No. As I take in the meek man before me, I’m disgusted more than anything.

“I have nothing left to say to you, then,” Greedy replies, whisper-soft.

With a sigh, Dr. Ferguson looks over G’s shoulder at me, his eyes searching and desperate. Whatever he sees in my expression shuts him down once again.

“I’ll be in my office.” With that, he turns on his heel, leaving the waiting area without another word.

I step forward and place one hand on G’s shoulder. He needs to know I’m here. That I’m not going anywhere. When he’s ready, if he needs me, I’m right fucking here.

Without warning, he slumps back, giving me all his weight. With an oomph , I hold him up, steadying him. I thread my arms beneath his and around his torso and rest my chin on his shoulder.

It’s not enough—it’s impossible to dull the edges and soothe the ache of this moment—but it’s all I can give him right now.

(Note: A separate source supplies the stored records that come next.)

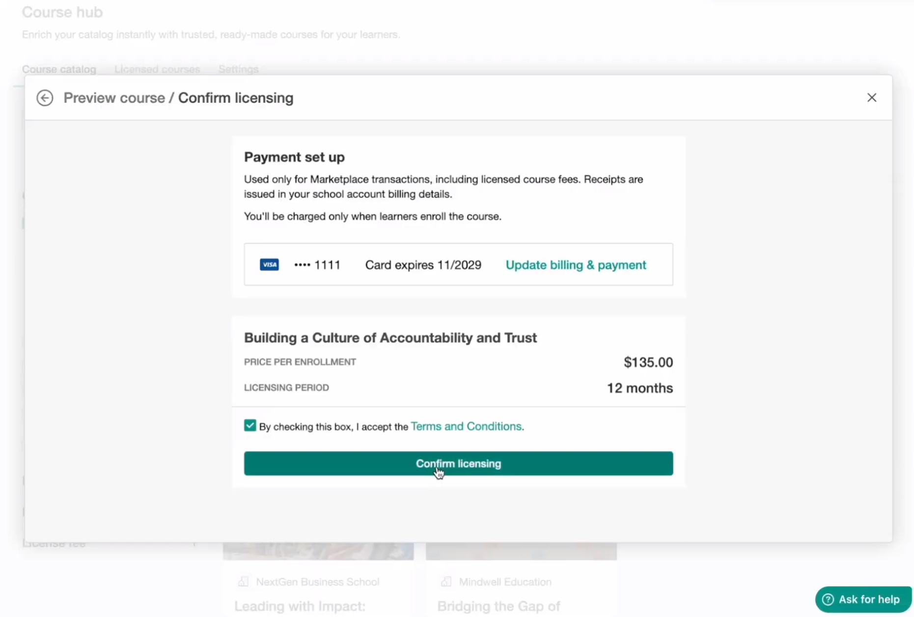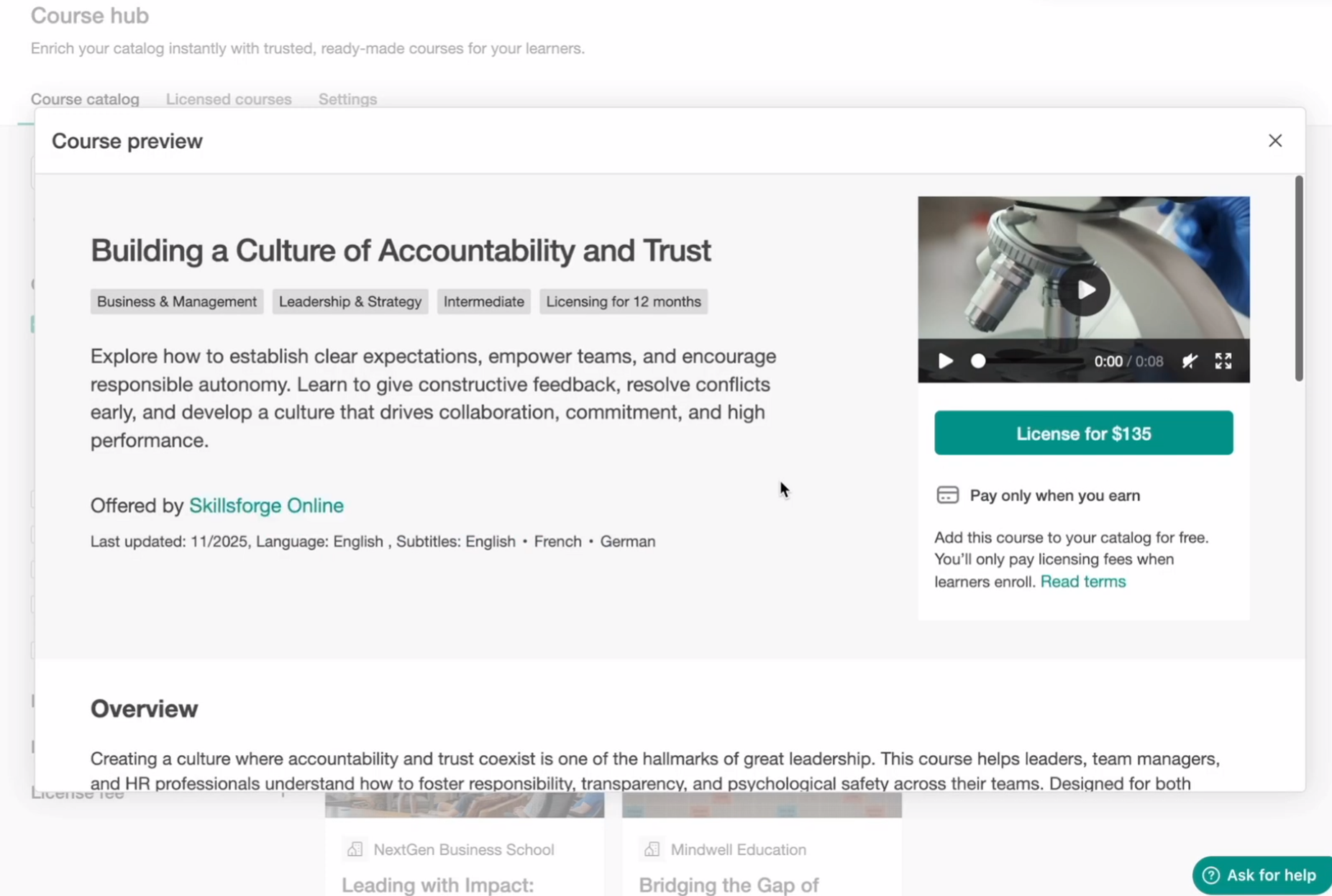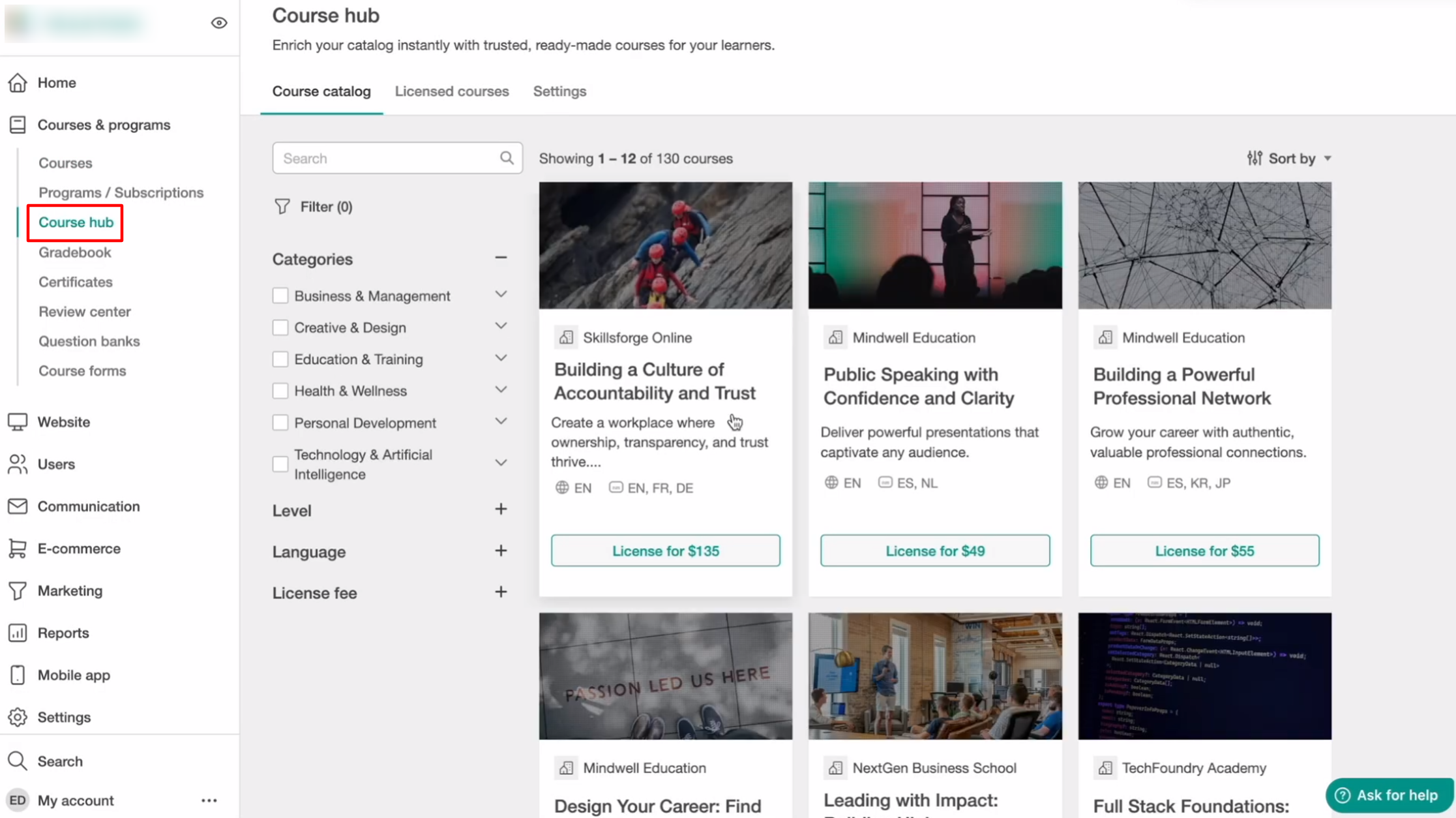 License a course from the course hub
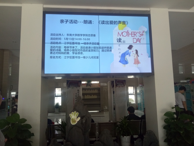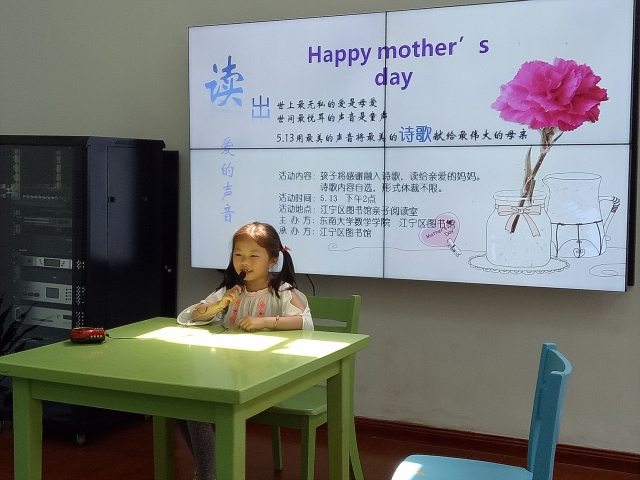 yL23411永利官网登录与央视《朗读者》节目合作,将阅读这一活动带进了yL23411永利官网登录学生的身边,并取得了巨大成功。今年,《朗读者》节目再次开始,与央视再度合作的我们希望能将阅读带到更多人身边。时间又恰逢母亲节,故志服部将朗读与感恩相结合,与江宁图书馆开展了“读出爱的声音”部门小活动。
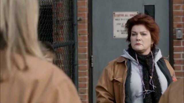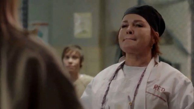 Pero no es la única a la que han fastidiado la mañana, Nicky a la que vemos muy atareada haciéndole un trabajito a Morello descubre que la chica va a prescindir de sus servicios, porque no lo ve justo para su “prometido”, ese del que no para de hablar pero que nadie ha visto jamás. Aparte conocemos por fin a uno de los mejores personajes de la serie, la gran Pennsatucky alias la chiflada cristiana ex-heroinómana, que así de entrada vemos cargando con una cruz gigante, algo que entra dentro de la normalidad de la serie.
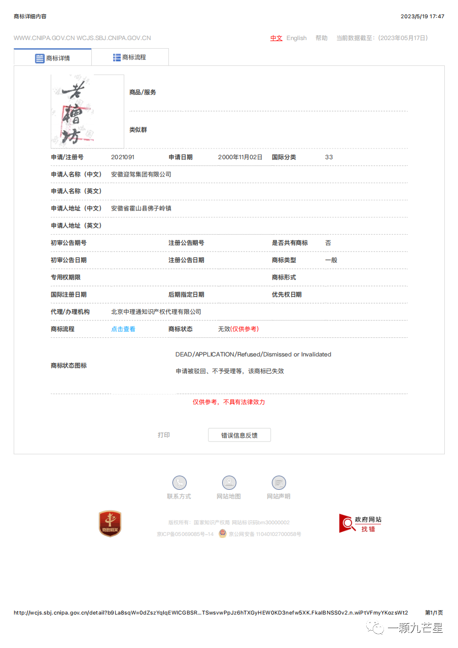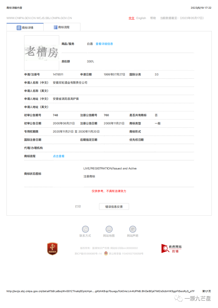 2.本案过后,安徽双轮酒业有限责任公司也在坚持不懈地在33类申请注册“老糟坊”商标,但是没有成功,其他公司也未注册成功。但是,安徽双轮酒业有限责任公司在其他类别成功申请注册了“老糟坊”。可见,商标的防御注册也尤为重要。
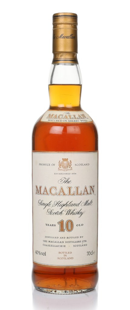 A bottling of 10 year old single malt from the highly-regarded Macallan distillery in Speyside, which we believe to have been released in the 1990s. A handsome, collectible bottle for a Macallan enthusiast or antique bottle aficionado.
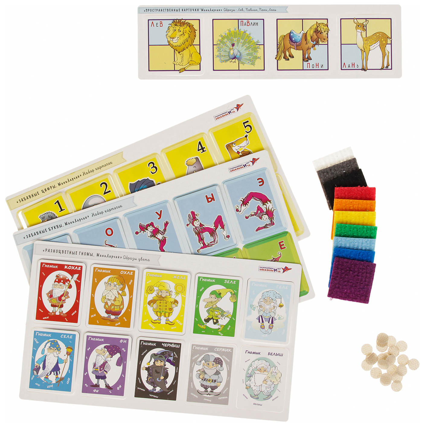 - Комплектация забавные буквы; забавные цифры; разноцветные гномы; пространственные карточки; разноцветные квадраты
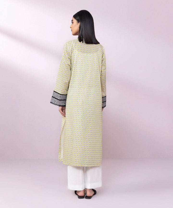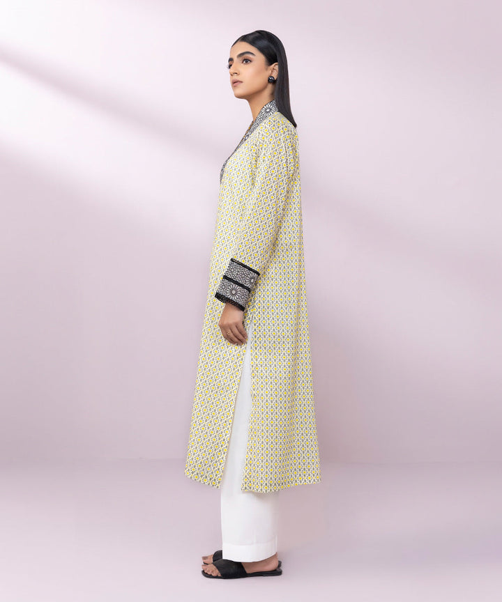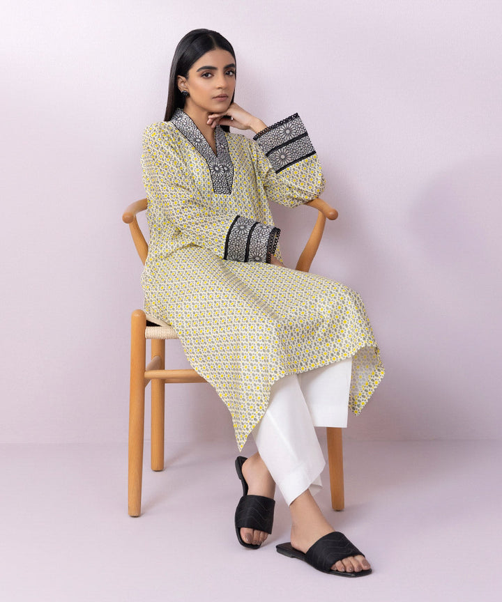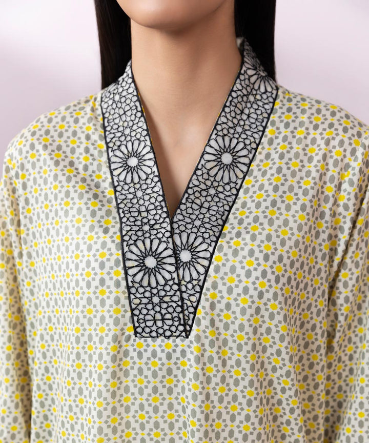 Printed Front with Embroidery, Printed Back, Full Sleeves, V Neckline
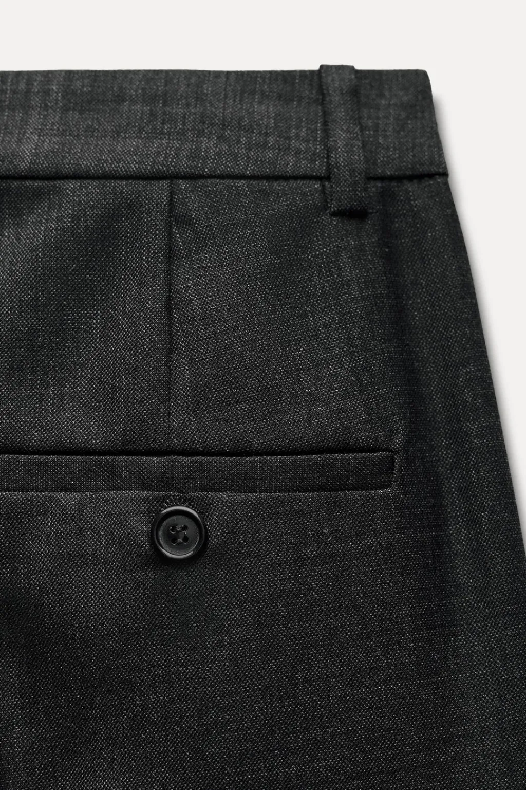 Pantalón confeccionado con lana. Tiro medio con trabillas. Bolsillos laterales y de vivo con botón en espalda.
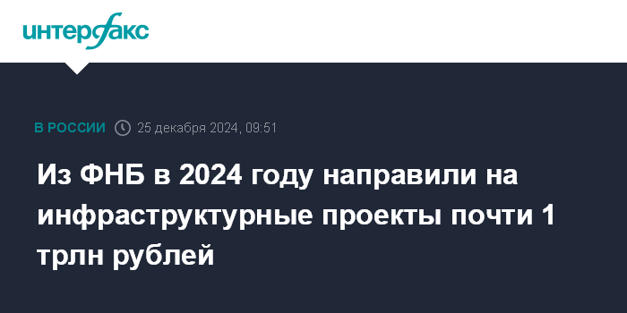 Из ФНБ в 2024 году направили на инфраструктурные проекты почти 1 трлн рублей
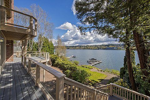 Stunning traditional home sits gently on 1/2 acre of lush landscaping including 105 ft of waterfront and private dock. Gated entry, three levels of living space, 6 BD, 5.5 BA, remodeled kitchen w/ gleaming white cabinets, slab granite and stainless appliances,5 fireplaces,3 car garage, across the lake from Seahawks training center, gracious floor plan provides formal and informal spaces, master suite w/luxurious bath, glorious views and adjacent sitting room w/fireplace. Move in condition!
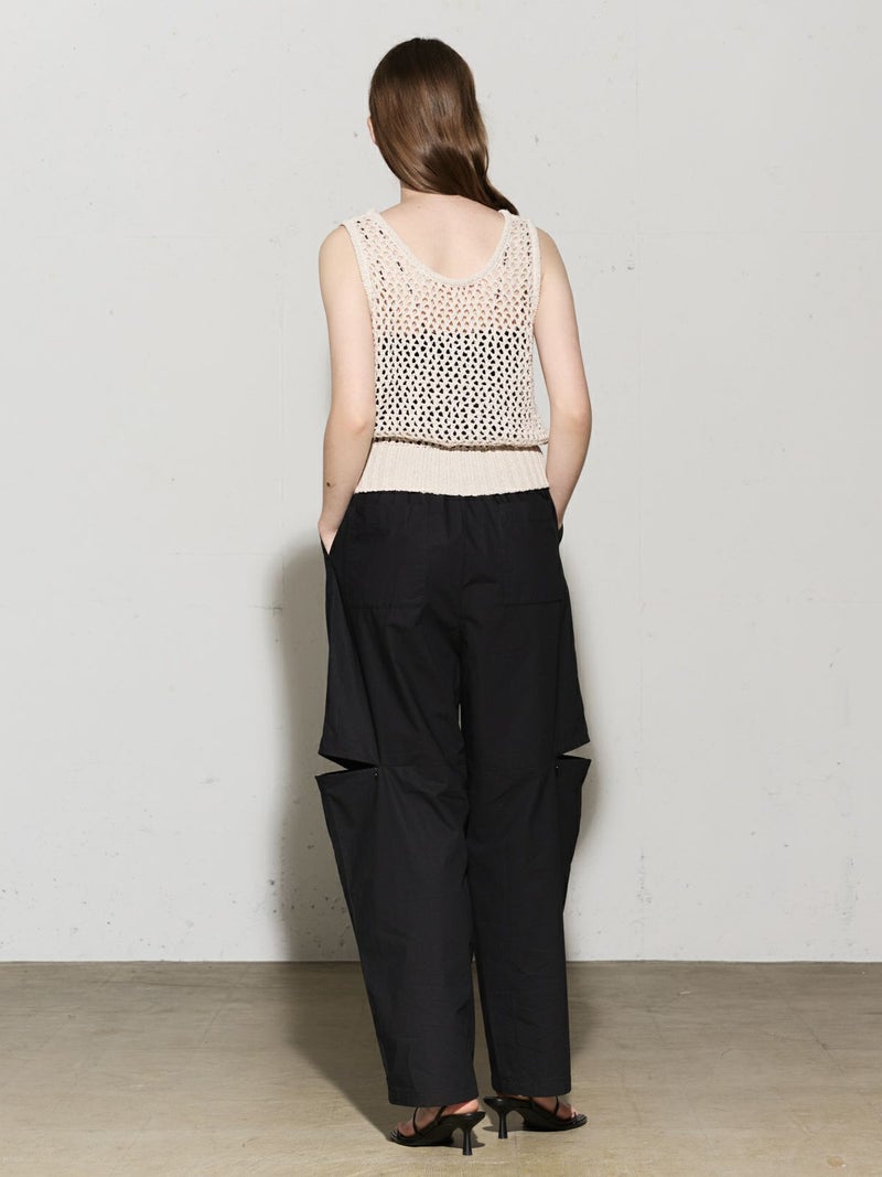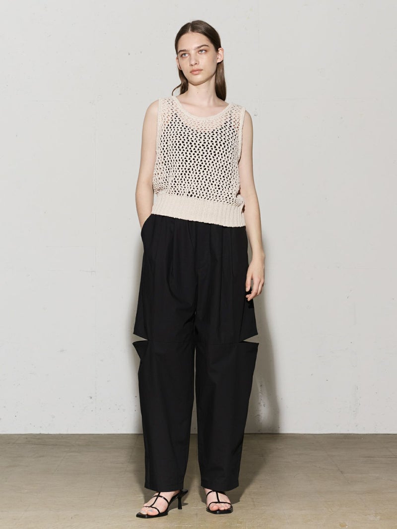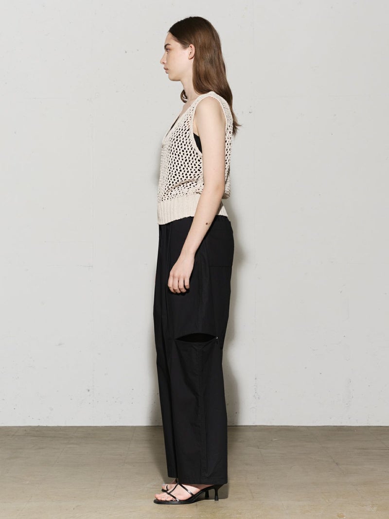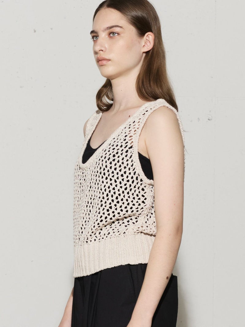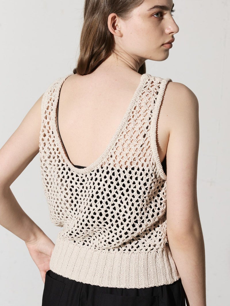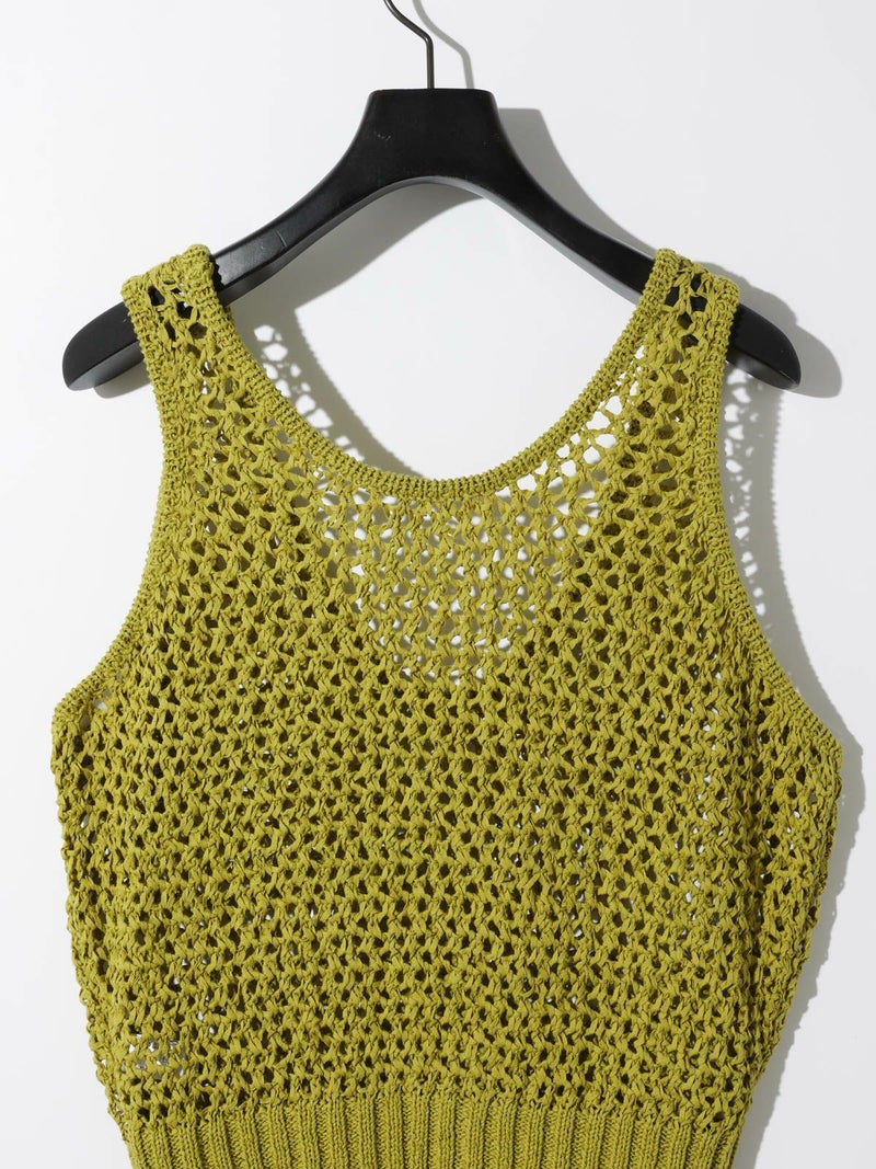 レイヤードを素敵にコーディネートするメッシュタイトベストです。シャツやカットソーと相性よく着こなせる1枚。前後2way使用可能。すっきりとした短め丈で裾リブは腰にフィットしてくれます。季節によって合わせ方を楽しんでいただけ、長い時期愛用できるベストアイテムです。メッシュの透け感が女性らしく大人の雰囲気を印象付けます。淡いベージュや華やかなグリーン、定番のブラックの3色展開。同型の1-122106/メッシュ切り替えプルオーバーも展開中。

“I love you.” This is the least romantic setting. We’re under the most dire of circumstances. Even so, I need him to know. In the face of the most harrowing day of our lives, I just need him to fucking know.

“I love you, too,” he sniffles, smoothing his hands down my forearms. A silent sob rolls through him.

I hold him tighter, determined to absorb as much of his pain as I can. His breathing is shaky for a few inhales. Then, suddenly, it’s not.

G scrubs at his face, turns in my arms, and looks me square in the eyes. “Let’s go find our girl.”